Victoria Beckham, who moved back to London a few months ago, on Sunday sent out a ready-to-wear collection for next winter infused with British flair -- tweed, plaid and her first attempt at knitwear.
Her footballer husband David, who will start training with his new team Paris Saint-Germain on Wednesday, cheered on his wife as usual from the front row under the marble arches in the New York Public Library.
The 38-year-old Beckham wowed her fans with a sophisticated show that had a decidedly masculine edge -- what the former Posh Spice called "mannish modernity."
Knit turtlenecks graced several outfits, including one sleek sleeveless dress that paired a plunging neckline with prim checked tweed. Hemlines were mostly below the knee. Pointy-toed ankle boots finished off most looks.
Beckham maintained her signature form-fitting silhouette, but rounded out the shoulders and offered a few boxy overcoats, in gray with blue accents.
Her color palette was mainly muted, in black, gray, brown and beige, but she livened up the collection with pops of canary yellow and electric blue.
While Beckham said she missed living in the United States, having spent more than five years in Los Angeles, she admitted she was happy to be back in London.
"It's been a lot easier because I am not doing so much travelling," she told reporters after the show.
"The fact that I don't have to travel and I can be there every minute has been great, because there is a lot of newness for us this season."

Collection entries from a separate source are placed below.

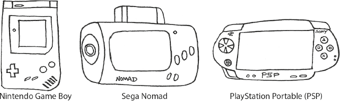 У портативных консолей, как и у аркадных автоматов, есть дисплей, процессор и контроллер, только все это маленькое – настолько, что их можно держать в руках. Изначально на одну портативную консоль приходилась одна игра. У Auto Race (Mattel Electronics, 1976), например, был цифровой экран, а у серии Game & Watch (Nintendo, 1980) – более приятный глазу жидкокристаллический. Одной из первых портативных систем со сменными картриджами стала Microvision (Milton Bradley, 1979), а рассвет таких игр случился, когда слава пришла к Tetris на Game Boy (Nintendo, 1989) – предтече Nintendo DS[18]. В последнее время портативные системы набрали мощности. Процессор Sony PSP выдерживает игры, по требовательности сопоставимые с играми для PlayStation One. Большой шаг вперед по сравнению с точечками Mattel Football!
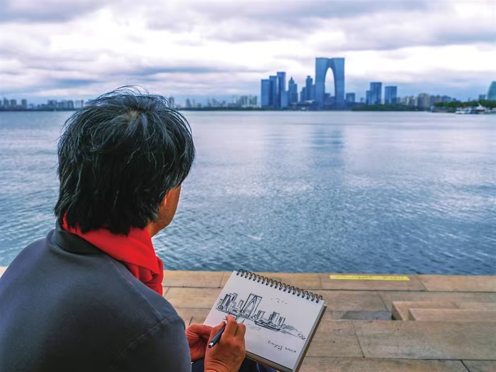 昨日,金雞湖邊,一位畫者的金雞湖速寫惟妙惟肖,城市美學(xué)躍然紙上。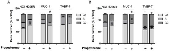 Pg treatment also influences the cell-cycle distribution in NCI-H295R cells []. The cell-cycle distribution in MUC-1 and TVBF-7 ACC cell lines after Pg treatment was studied. Figure 8A,B show that, in NCI-H295R cells, treatment with Pg increased the proportion of cells in the G1 phase after both 72 h and 96 h (72 h: +10.65 ± 4.1%, 96 h: +3.08 ± 0.05%; p < 0.05). An increase in the G2 phase fraction was observed in MUC-1 cells at the same timepoints (72 h: +11.1 ± 0.05%, 96 h: +8.18 ± 1.42%; p < 0.005), along with a decrease in cells in the S phase after 96 h of treatment (−7.2 ± 1.02%; p < 0.005). No changes in the cell-cycle distribution were observed in Pg-treated TVBF-7 cells compared to controls. Representative DNA histograms for each cell line are shown in Supplementary Figure S6.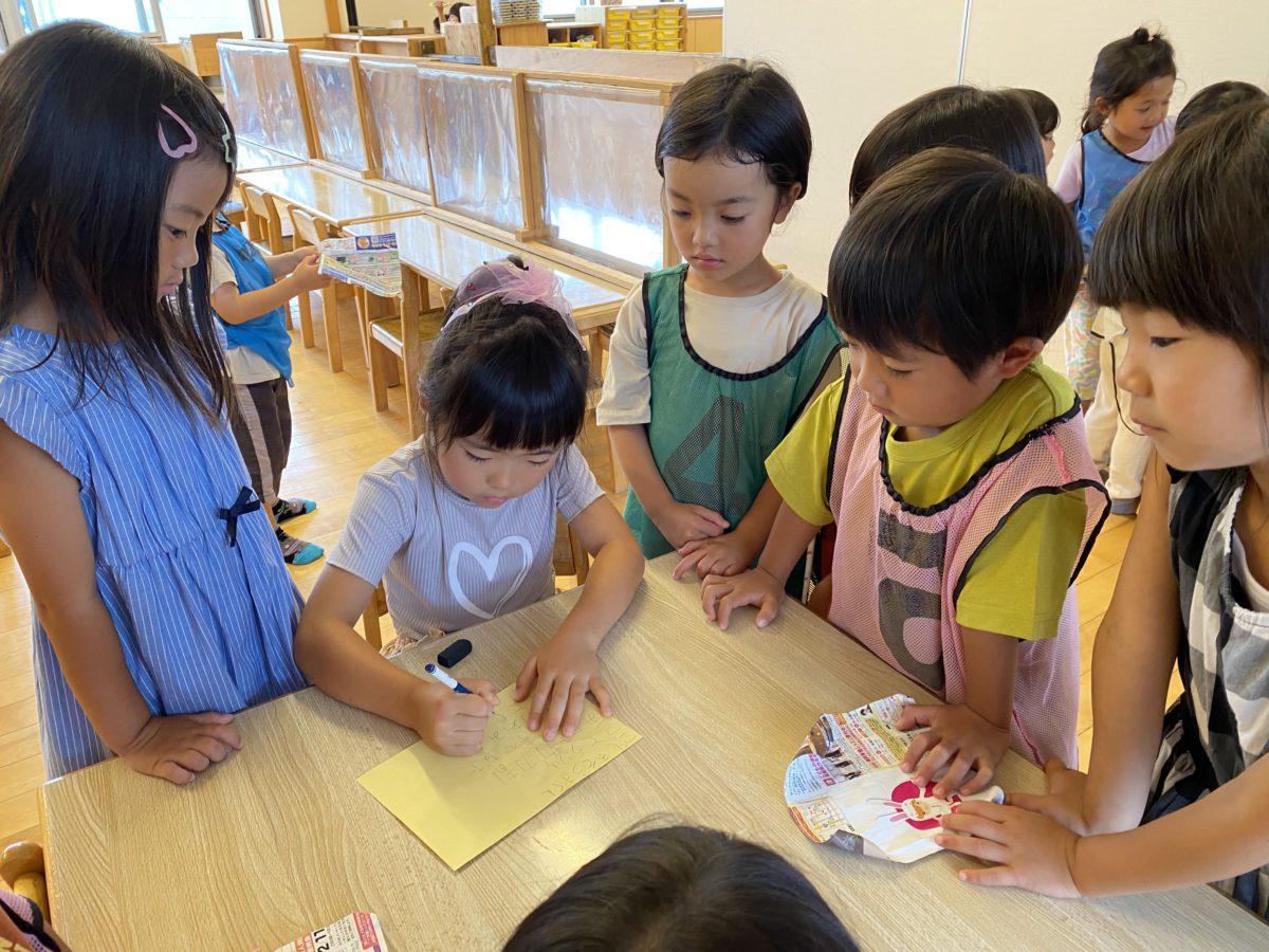 「どのおさいふがほしい?」「それは〇〇ちゃんの!」誰の財布かすぐにわかるお友だちが注文をとるかのようにほしいお財布を作ったお友だちの名前を書いていく姿がありました。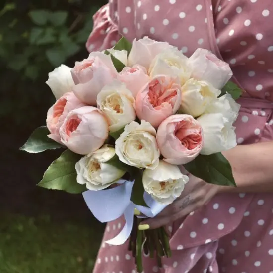 Букет словно наполнен солнечным светом и теплом – его мягкие переливы оттенков создают ощущение нежности и радости. Он станет не просто аксессуаром, а частью свадебной истории, дополняя образ и добавляя торжеству утонченности. Пионовидные розы дарят атмосферу безмятежности, превращая момент в кадр из сказки.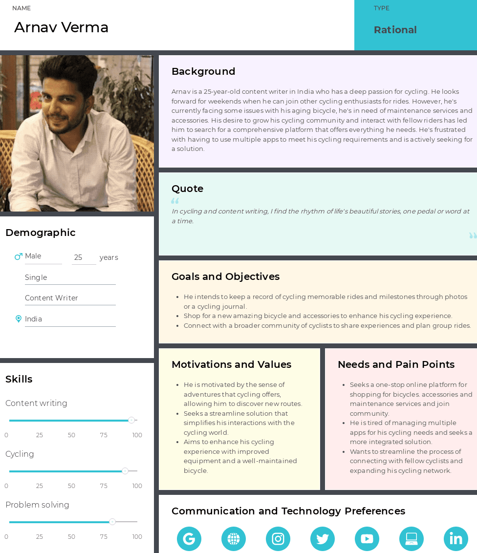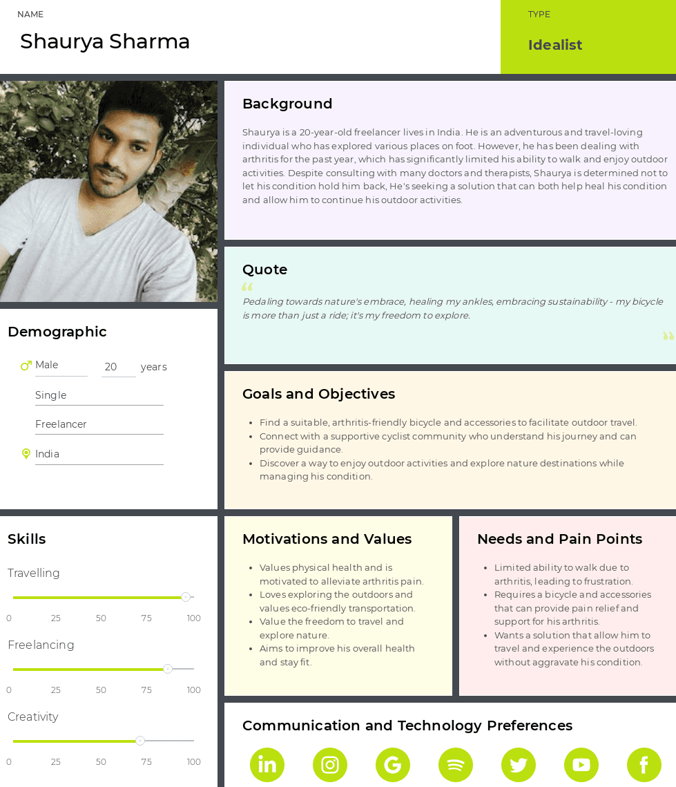 To understand the diverse needs of potential users, a series of interviews were conducted in qualitative research. During this research, I conducted interviews of 7 potential participants including kids, teens, adults and seniors. I navigated the unique perspectives of health patients, bicycle enthusiasts and seasoned cyclists. I prepared an interview script with 20 open-ended questions, focusing on our target audience's needs, pain points and challenges.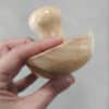 Met een mushroom tool of anvil tool kun je razendsnel een halfronde vorm of een kom of schaal maken. Rol een plaat klei uit en leg die op een zachte ondergrond. Druk de mushroom tool erin en je hebt meteen een omgekeerde afdruk van de tool. Je hoeft enkel nog de randen bij te werken.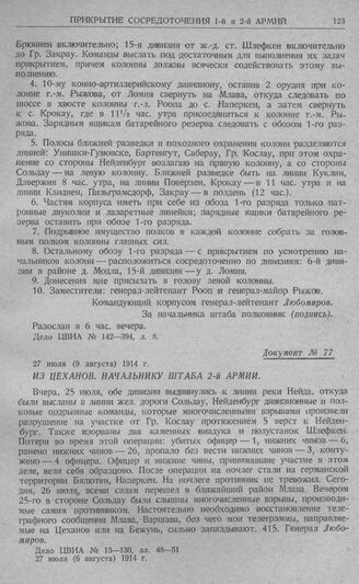 Действия конницы 1-й и 2-й армий в период сосредоточения армий. Из Цеханов. Начальнику штаба 2-й армии. 27 июля (9 августа) 1914 г.
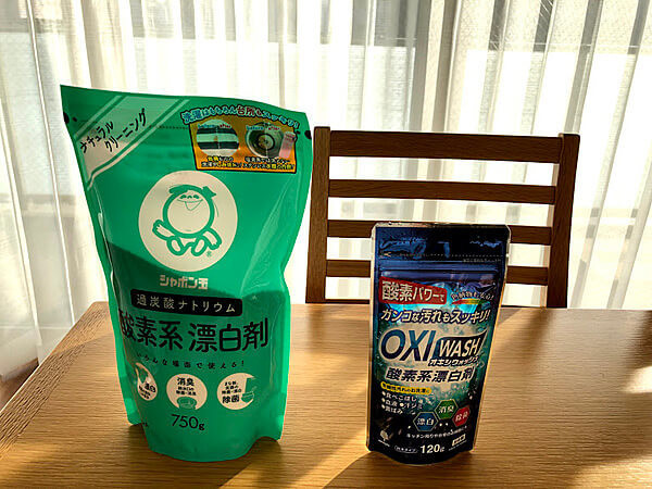 100円ショップでも購入できる「オキシウォッシュ」、ホームセンターなどでも購入できるシャボン玉石けん・酵素系漂白剤などもおすすめです。
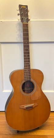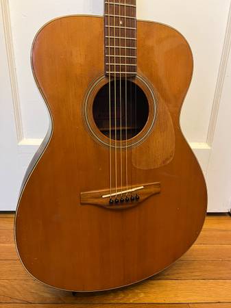 Vintage 1970s Yamaha FG-150 acoustic guitar, made in Japan. Will need some work, the action is high. Has replaced tuners, missing the pickguard. No cracks, no bridge lift, no loose braces. Sold as is, $200 firm ($260 with hardshell case included), local pickup only, no trades.

"You can see how everything is super-refined... you can see the heritage fabrics that we used. We used them in a very modern, cool, sexy way," she said.
Beckham said even though she was in London full-time, she would continue to show her collections in the Big Apple, where she started in 2008. And she told AFP she was "very excited about spending more time in Paris."
American Derek Lam offered a bit of comfort to a frozen Big Apple after Friday's major snowstorm with a luxurious modern mix of suede, lace and fur, including a collection of sumptuous capes in leather and cashmere.
Winter white, navy blue, camel, burgundy and black are the colors of next winter for Lam, one of many Asian-American designers who show in New York, along with Alexander Wang, Phillip Lim and Thakoon Panichgul.
In a Chelsea loft, French designer Catherine Malandrino -- who has lived in New York for nearly 15 years -- unveiled a collection with an Art Deco vibe, mainly in black with hints of earthy fennel green and garnet red.
"I wanted to recapture that kind of retro elegance, but with very simple, clean lines," Malandrino told AFP.
At Lincoln Center, Diane von Furstenberg -- the queen of the wrap dress -- offered a decidedly "glam rock" show full of "effortless glamour."
"Life's a party," she explained, offering up fluid printed silk dresses in fuchsia or turquoise, slim pantsuits and glittering gold trousers.
For Thakoon Panichgul, next winter will be light and airy. The Thai-American designer injected a breath of spring into his collection, combining pastels with wintry fur, and sending out optimistically sleeveless heavy knit tops.
"I wanted to do something that was about summer and winter mixed together," he said.
Japan's Yohji Yamamoto unveiled his Y-3 diffusion line in a massive Manhattan warehouse -- an ideal backdrop for an audacious collection of urban chic, full of asymmetrical cuts and deconstructed lines.
Black dominated the line, even if apple green shorts or a shirt served as a reminder that spring would soon return.
New York Fashion Week, which runs through Thursday, features more than 300 shows and presentations of autumn-winter collections for 2013-14.
It is the start of a month-long style marathon, with shows in London, Milan and Paris to follow.